A new advisory posted at Motley Fool calls SOA an "extension of the software as a service concept," except that it is offered internally and includes business processes. (Thanks to SOA Digest for surfacing this report.)
John Finneran, a contributor to the Fool, says there's money to be made:
"Given IT often amounts to half of all new investment for large firms, SOA's promise of increased returns from IT investments creates a huge opportunity. Annual growth rates of 70% are forecast by industry researcher WinterGreen, with the U.S. SOA market soaring from $450 million in 2005 to $18.4 billion by 2012."

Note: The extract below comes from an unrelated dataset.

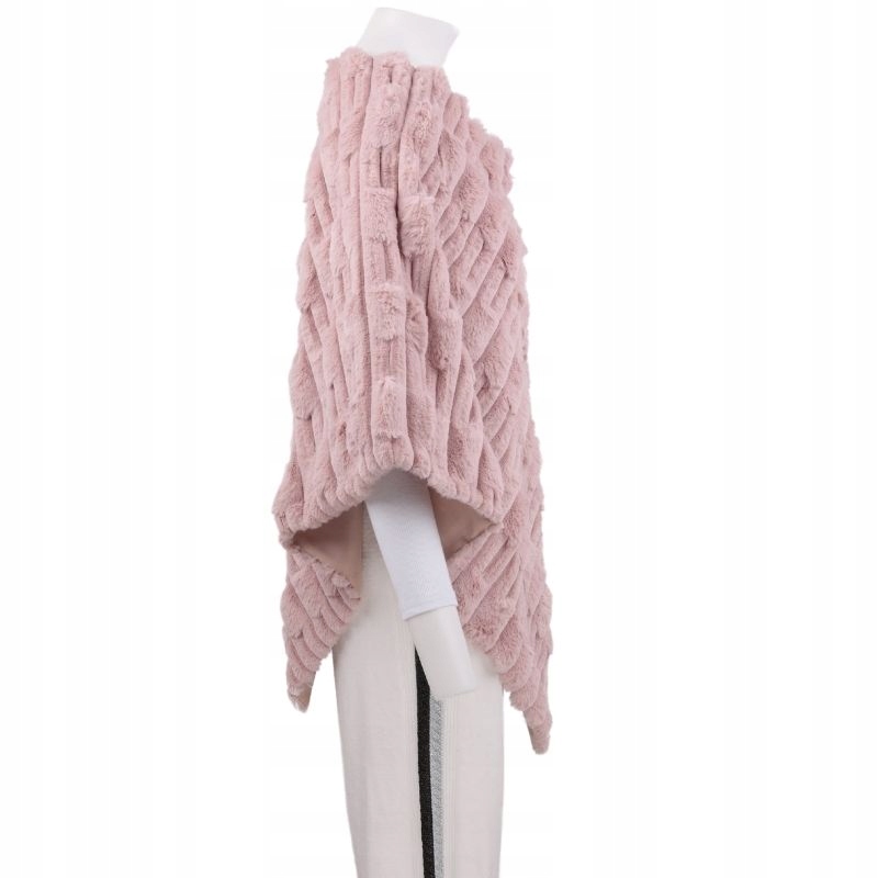 RÓŻOWE PONCZO DAMSKIE CIEPŁE Z FUTERKIEM ZIMOWE ELEGANCKIE

Billions and billions. But what exactly is an "SOA market?" Unlike other types of products, SOA won't be readily identifiable through shrinkwrapped packages. Rather, SOA capabilities will be embedded within enterprise packages, operating systems, and integration tools. Kind of behind the scenes if you will.
SOA arrives to a market anxious and ready for change. Finneran says SOA has a lot of appeal among companies beleaguered by siloed processes and IT systems -- and there are a couple out there.
But, as with all industry panaceas, there are perils behind the promises. Finneran cautions that it will take at least three to four years before SOA really begins to bear fruit -- for enterprise users as well as technology investors. "New software, or architectures, cannot banish old problems. Technology integration is getting easier, but it's still difficult. And consolidating application infrastructure is more complex and costly than consolidating servers, storage, or infrastructural software. "
Finneran also observes, spot on I believe, that the primary driver of SOA value, reuse (or sharing), is still too IT-focused. "So far, [reuse] seems to be mainly at the level of IT assets -- saving money on software maintenance, for example -- rather than the more valuable, and difficult, level of business processes."